IMX Seminar Series - Grain Boundaries: An “old” Defect Gaining New Momentum in Materials Science

Grain boundaries (GBs) are omnipresent in most materials and often decisive for the resulting material properties. Electrical resistivity in metals increases by the additional scattering of electrons at GBs, while for ceramic varistors the electrical activity of GBs leads to highly non-linear electrical conductivity. Many metals fail by segregation induced embrittlement of GBs – examples are S in Ni or Zn in Fe. However, GB segregation may also “stabilize” nanocrystalline metals by reducing GB energy (and often also kinetics) to prevent spontaneous grain growth, which leads to high strength materials due to the numerous GBs acting as obstacles for dislocation motion.
Recently, it has been resolved that GB can undergo structural transitions triggered by temperature, pressure and chemical composition, and thus properties may alter as a function of these variables. In ceramics like alpha Al₂O₃ it is debated if such transitions are the cause of abnormal grain growth. In the present talk newest results obtained by atomic resolved transmission electron microscopy for metallic materials are provided, shedding light on the GB phase transitions also termed “complexion” transitions in literature to discriminate it from bulk phases. Examples include Al and Cu in pure and alloyed form as well as Fe based materials with multiple alloying additions. Techniques to address material properties for single GBs are briefly discussed.

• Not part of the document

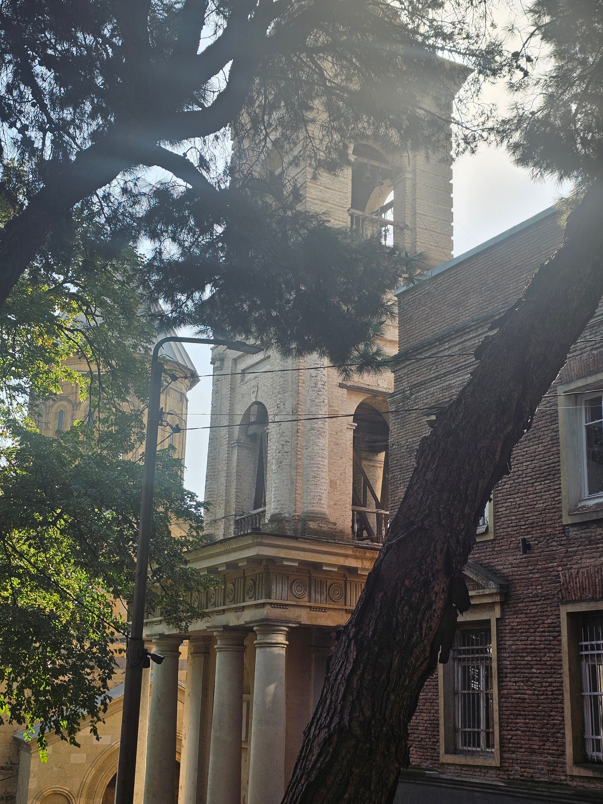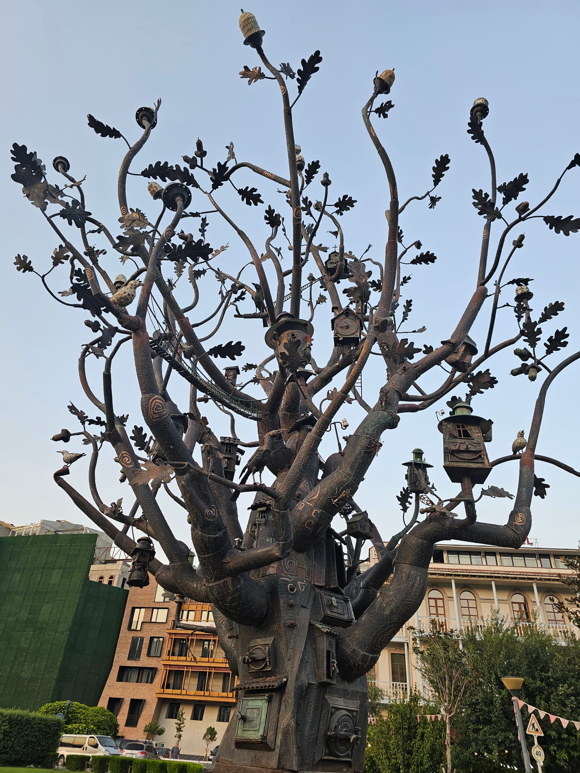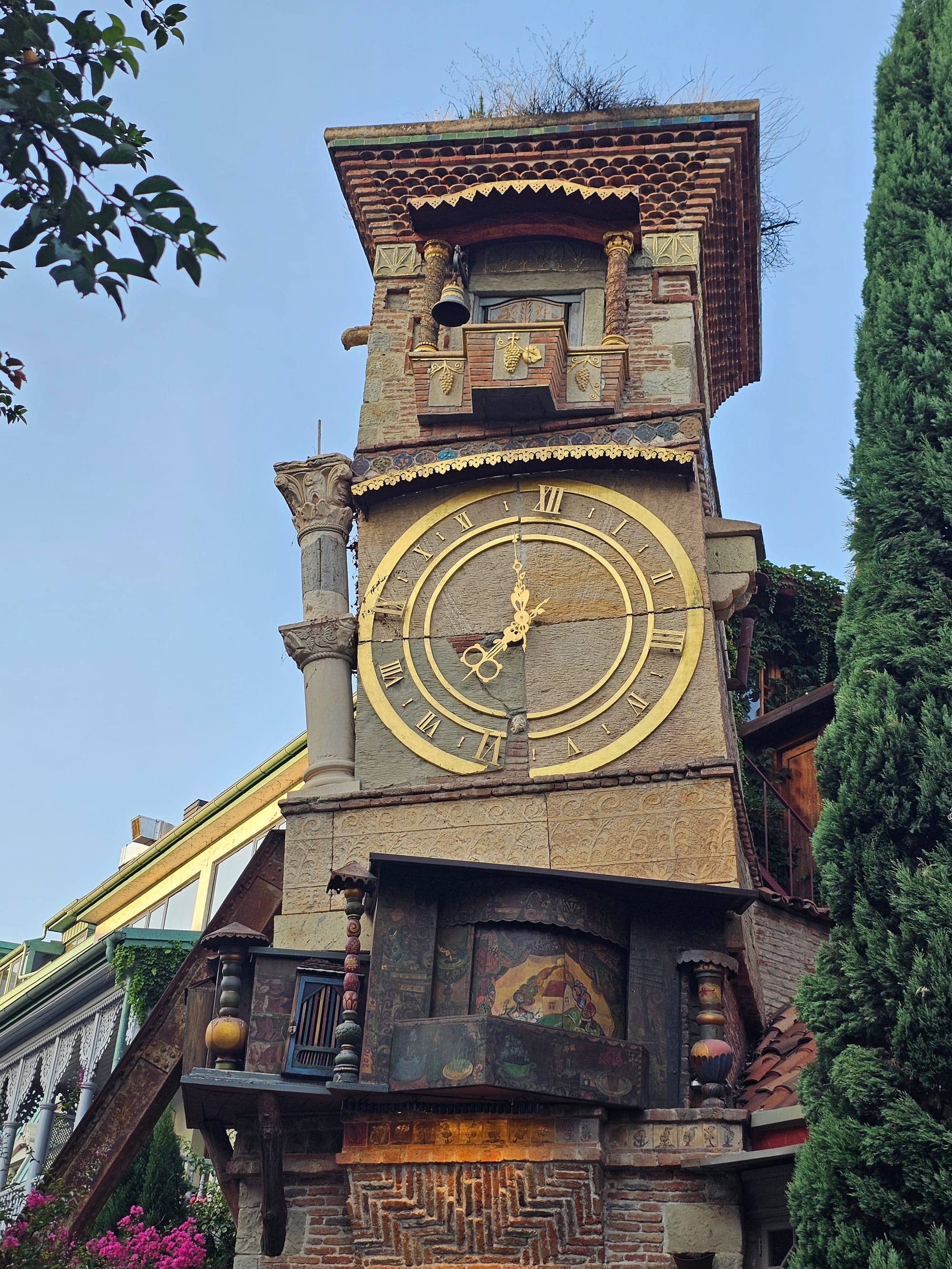 Вечером этого дня мы дошли до башни с часами, которую я не посмотрела в прошлую поездку в Тбилиси, потому что не знала про них. Пришли как раз вовремя, совсем немного пришлось ждать.
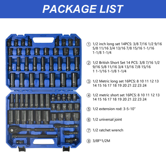 Air Tool and Accessories Kit, 66 Pieces, Long and Short Sets, Universal Short Sets, Extension Rods, Universal Connectors, Ratchet Wrenches, -Black,Blue

Bio: Gerhard Dehm is director at the Max-Planck-Institut für Eisenforschung in Düsseldorf and professor at the Ruhr-Universität-Bochum. From 2005 to 2012 he was head of the department Materials Physics at the Montanuniversität Leoben (Austria), and managing director of the Erich Schmid Institute of the Austrian Academy of Sciences. His research focusses on advanced S/TEM and in-situ microscopy of interfaces, their structure, chemistry, stability, and impact on material properties. This research directions was recently awarded with an ERC Advanced Grant. A further cornerstone of his research is small scale mechanical testing to provide fundamental understanding of local mechanical properties of materials.